• **EXERCISE INSTRUCTIONS**:
Among the records below, find the lines that contain "VaxAus" and copy each of them.

Source records:
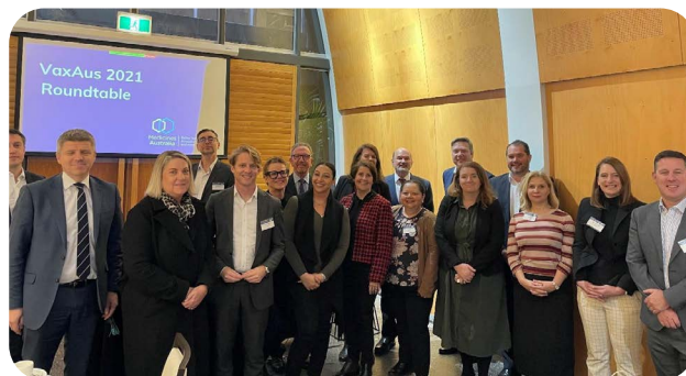
Attendees at the first VaxAus Roundtable event

The first ever VaxAus brought together vaccine developers and manufacturing companies for a roundtable. Key outcomes included exploring potential reform of the vaccines reimbursement process in Australia and aligning policy options for vaccine advocacy.
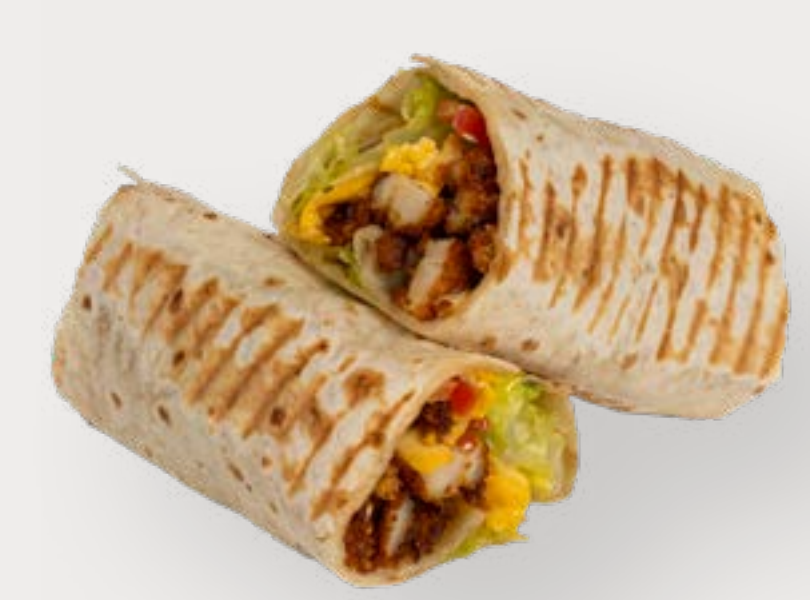
Chicken Wrap Tortilla with deep fried chicken, tomato & sriracha mayo

Gluten | Egg | Dairy Sulfite | Mustard | Soy
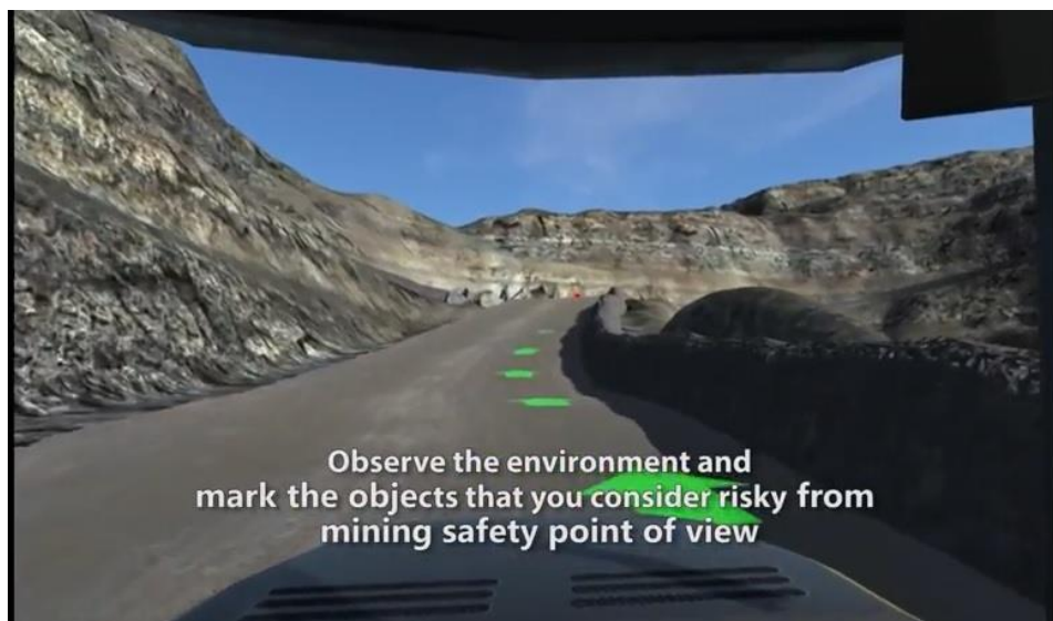
Figure 3. Hazard inspection scenario implemented in the virtual model of existing open pit mine in Siilinjärvi. (KaiVi 2016.)

Lapland and Kajaani universities of applied sciences have worked together to develop engineer education in the mining sector for many years. The cooperation has confirmed their role as key providers of engineer education on bachelor level in Eastern and Northern Finland. There have been several development projects. One of the projects has been a virtual learning environment for mining (KaiVi). It is a simulation based, game-like learning environment. It allows for the visualization of the activities and decision-making with cause-effect relationships in mines that are difficult or impossible to do without a virtual environment. The training environment can be utilized in various fields of education, such as infrastructure, maintenance, mechanical engineering, construction engineering, electrical engineering, and automation. The students will learn to work together in a multidisciplinary mining environment. This will improve their readiness to work in mines safely. (Figure 3.)

• **OUTPUT BELOW**:
Attendees at the first VaxAus Roundtable event
The first ever VaxAus brought together vaccine developers and manufacturing companies for a roundtable. Key outcomes included exploring potential reform of the vaccines reimbursement process in Australia and aligning policy options for vaccine advocacy.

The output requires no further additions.